Wal-Mart scours the globe in search of cheap labor and lowest-cost materials. Why do you think they´ll take a different posture when it comes to the meat they sell?
Wal-Mart Justice
Want to sign on the dotted line to become a contract producer for Tyson and a Wal-Mart supplier? Before you do please read an article by Martin Kuz called “The Wal-Mart Menace.” Martin says that “at any given moment, some 10,000 lawsuits are pending against Wal-Mart. Each year, it is sued roughly 4,700 times — an average of 13 cases a day — on matters ranging from injured customers to employee discrimination. The total makes Wal-Mart second only to the federal government as America´s most frequent litigation target.”
Martin Kuz writes that in court “the nation´s biggest company has scruples as low as its prices. In the last six years, judges have slapped the company with at least 75 sanctions for destroying, altering, and hiding evidence, according to documents filed in numerous suits against Wal-Mart across the country,” says Kuz. “At first blush, 75 violations amid thousands of cases seems an irrelevant percentage — except that the number appears to represent more sanctions than those of all other Fortune 500 companies combined. The penalties also expose the contradiction between Wal-Mart´s down-home image and its back-alley legal tactics.”
According to Jim Hightower, “The Equal Employment Opportunity Commission has had to file more suits against the Bentonville billionaires club for cases of disability discrimination than any other corporation. A top EEOC lawyer told Business Week, “I have never seen this kind of blatant disregard for the law.”
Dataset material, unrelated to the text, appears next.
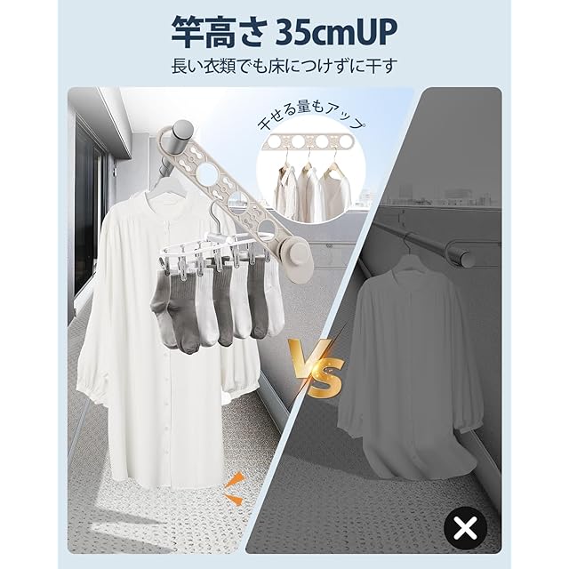 4.【高さアップ&布団干し】:長い衣類を干すとき、よく床について汚れるという場合がございますが、本製品を取付後、丈が長い衣類やシーツを干すとき、衣類の高さを最大35cm高くすることができ、2本竿を通せば、乾燥スペース不足の問題を効果的に解決し、布団も干せ、外干しの悩みが一気に解決!

“The company´s approach has become so notorious,” says Kuz, “that an Alabama judge, irritated by Wal-Mart lawyers skirting questions about past violations, fumed, “Is there something in the drinking water in Arkansas that says that perjury is all right?
The Pusher
In a recent issue of Supermarket News industry observer Chuck Cerankosky says that we can expect to see increased consolidation in the grocery industry because of even more fierce price competition. Cerankosky says the consolidation will come about, not through acquisition, but merely by “pushing” some people out of business. Guess who is expected to be the biggest “pusher?”
Isn´t it ironic that Sam Walton, the personification of small town America and often pictured driving his beat-up old pickup, built an empire that now promises to suck the life out of small town America? First to succumb were the small business owners on Main Street. In Wal-Mart´s wake ghost towns were left behind where once proud communities used to thrive. Sadly, before the Arkansas kissing cousins of Tyson and Wal-Mart are finished with their business, tumble weeds may be blowing over deserted cow country as well.